It is recommended to commit the generated source code into the respective version control to preserve build consistency and minimise the need for compiler installations. Alternatively, you may use the Maven plugin.

<plugin>
    <groupId>net.quies.colfer</groupId>
    <artifactId>colfer-maven-plugin</artifactId>
    <version>1.11.2</version>
    <configuration>
        <packagePrefix>com/example</packagePrefix>
    </configuration>
</plugin>

Schema

Data structures are defined in .colf files. The format is quite self-explanatory.

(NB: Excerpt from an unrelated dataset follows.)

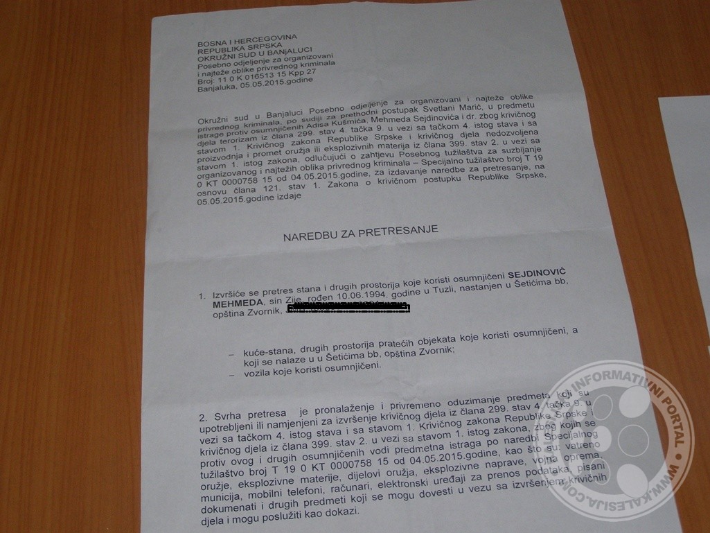 Tokom pretresa, priča Sejednović, bili su korektni i nisu razbacivali stvari, a inspektorica im je rekla da je njihov sin Mehmed, koji studira u Medini, osumnjičen za pripremanje terorističkih napada, te su tvrdili da se on nalazi na ratištu u Siriji.

// Package demo offers a demonstration.
// These comment lines will end up in the generated code.
package demo

// Course is the grounds where the game of golf is played.
type course struct {
    ID    uint64
    name  text
    holes []hole
    image binary
    tags  []text
}

type hole struct {
    // Lat is the latitude of the cup.
    lat float64
    // Lon is the longitude of the cup.
    lon float64
    // Par is the difficulty index.
    par uint8
    // Water marks the presence of water.
    water bool
    // Sand marks the presence of sand.
    sand bool
}

See what the generated code looks like in C, Go, Java or JavaScript.

The following table shows how Colfer data types are applied per language.

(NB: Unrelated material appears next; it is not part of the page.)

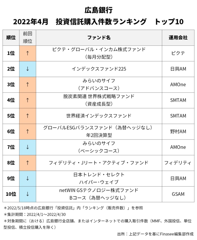 2022年4月、広島銀行で多くの資金を集めたのは以下のファンドだった。

Colfer C Go Java JavaScript
bool char bool boolean Boolean
uint8 uint8_t uint8 byte † Number
uint16 uint16_t uint16 short † Number
uint32 uint32_t uint32 int † Number
uint64 uint64_t uint64 long † Number ‡
int32 int32_t int32 int Number
int64 int64_t int64 long Number ‡
float32 float float32 float Number
float64 double float64 double Number
timestamp timespec time.Time †† time.Instant Date + Number
text const char* + size_t string String String
binary uint8_t* + size_t []byte byte[] Uint8Array
list * + size_t slice array Array

Lists may contain floating points, text, binaries or data structures.

Security

Colfer is suited for untrusted data sources such as network I/O or bulk streams. Marshalling and unmarshalling comes with built-in size protection to ensure predictable memory consumption. The format prevents memory bombs by design.

The marshaller may not produce malformed output, regardless of the data input. In no event may the unmarshaller read outside the boundaries of a serial. Fuzz testing did not reveal any volnurabilities yet. Computing power is welcome.

Compatibility

Name changes do not affect the serialization format. Deprecated fields should be renamed to clearly discourage their use. For backwards compatibility new fields must be added to the end of colfer structs. Thus the number of fields can be seen as the schema version.

Performance

Colfer aims to be the fastest and the smallest format without compromising on reliability. See the benchmark wiki for a comparison. Suboptimal performance is treated like a bug.